Given records ::
------------------------------------------------

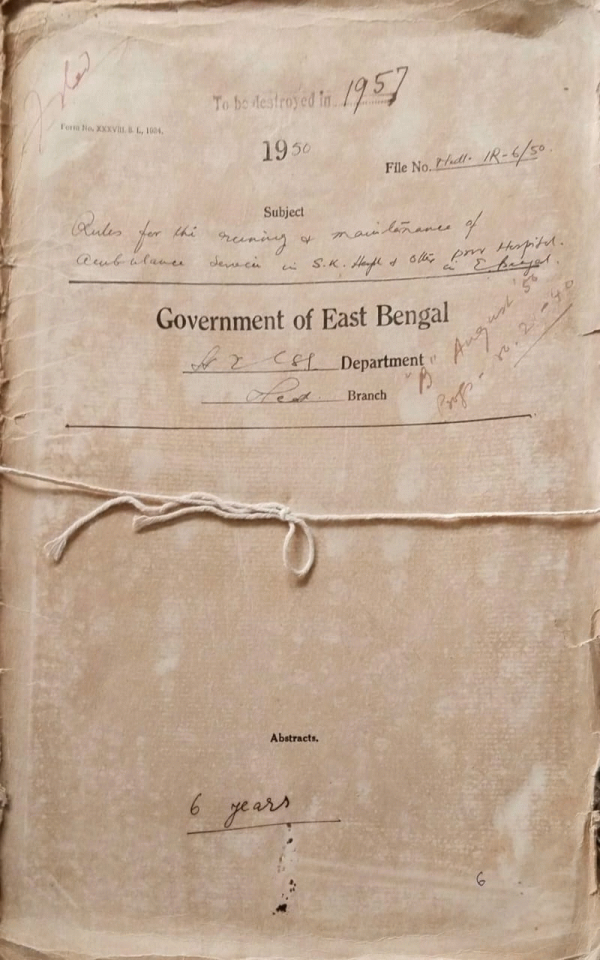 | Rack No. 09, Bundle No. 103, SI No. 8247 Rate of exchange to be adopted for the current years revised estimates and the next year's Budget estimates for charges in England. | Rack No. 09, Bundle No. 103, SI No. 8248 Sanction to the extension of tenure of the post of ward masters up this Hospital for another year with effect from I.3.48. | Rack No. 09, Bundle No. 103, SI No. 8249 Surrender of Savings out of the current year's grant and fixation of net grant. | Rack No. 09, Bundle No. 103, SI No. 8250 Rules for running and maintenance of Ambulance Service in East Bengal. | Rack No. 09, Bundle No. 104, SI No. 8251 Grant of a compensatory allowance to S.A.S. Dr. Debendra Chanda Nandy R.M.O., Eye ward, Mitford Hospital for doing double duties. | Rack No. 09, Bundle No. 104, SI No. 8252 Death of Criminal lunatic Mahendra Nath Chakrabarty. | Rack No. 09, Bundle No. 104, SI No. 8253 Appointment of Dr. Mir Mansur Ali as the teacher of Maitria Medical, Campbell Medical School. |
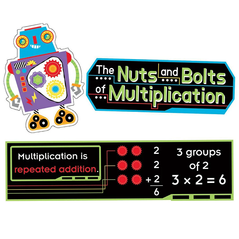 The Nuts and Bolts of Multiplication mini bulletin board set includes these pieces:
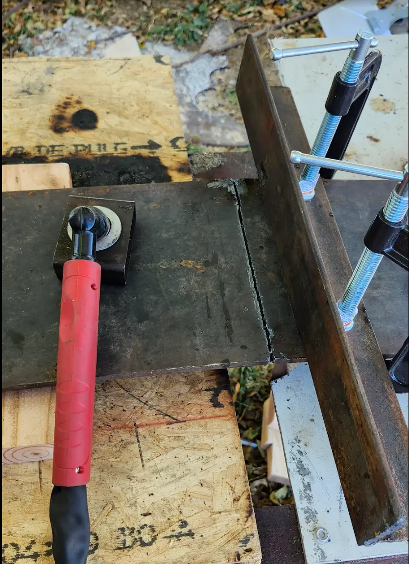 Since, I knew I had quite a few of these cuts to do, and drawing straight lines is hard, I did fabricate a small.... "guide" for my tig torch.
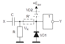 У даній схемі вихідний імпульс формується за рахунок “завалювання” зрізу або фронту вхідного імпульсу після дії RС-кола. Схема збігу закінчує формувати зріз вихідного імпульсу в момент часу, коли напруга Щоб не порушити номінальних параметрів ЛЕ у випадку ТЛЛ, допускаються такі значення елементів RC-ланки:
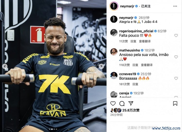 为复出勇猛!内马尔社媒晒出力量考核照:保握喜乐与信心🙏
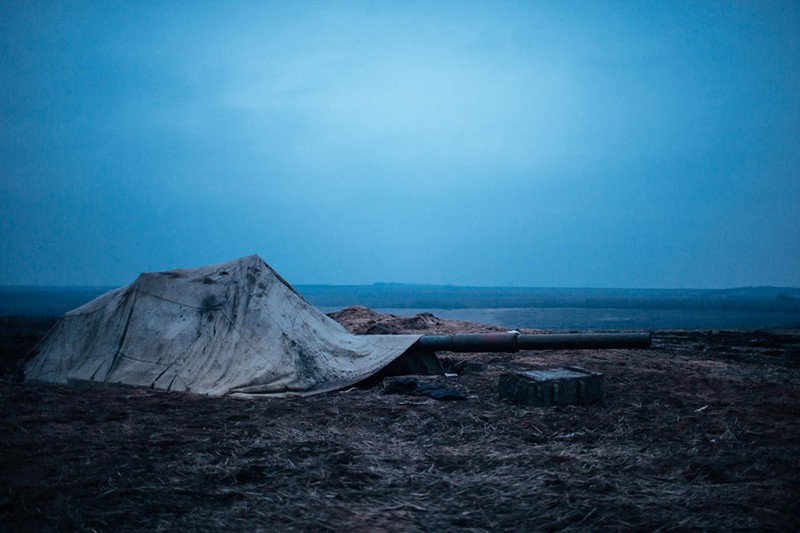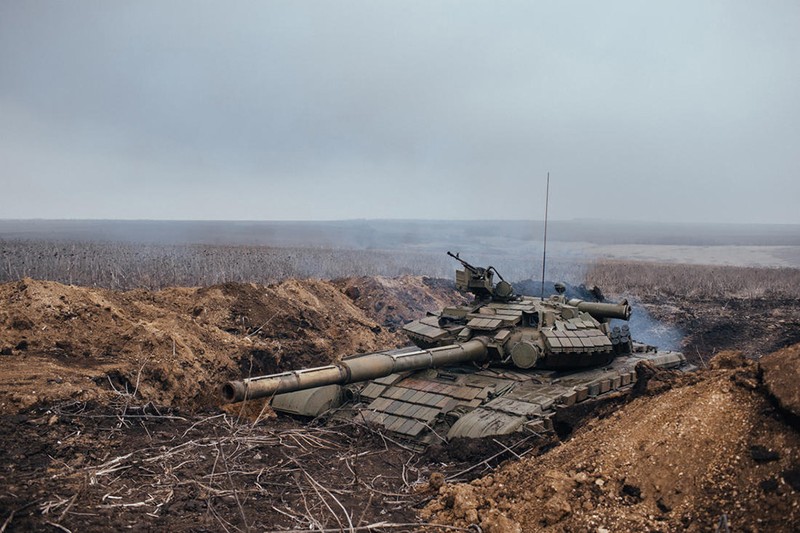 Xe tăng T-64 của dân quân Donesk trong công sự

------------------------------------------------

Task to carry out :: Retype, word for word, only the lines from the line with "The Nuts and" to the final line of the listing above; the pictures do not belong in the copy.

Answer section ::
 The Nuts and Bolts of Multiplication mini bulletin board set includes these pieces:
 Since, I knew I had quite a few of these cuts to do, and drawing straight lines is hard, I did fabricate a small.... "guide" for my tig torch.
 У даній схемі вихідний імпульс формується за рахунок “завалювання” зрізу або фронту вхідного імпульсу після дії RС-кола. Схема збігу закінчує формувати зріз вихідного імпульсу в момент часу, коли напруга Щоб не порушити номінальних параметрів ЛЕ у випадку ТЛЛ, допускаються такі значення елементів RC-ланки:
 为复出勇猛!内马尔社媒晒出力量考核照:保握喜乐与信心🙏
 Xe tăng T-64 của dân quân Donesk trong công sự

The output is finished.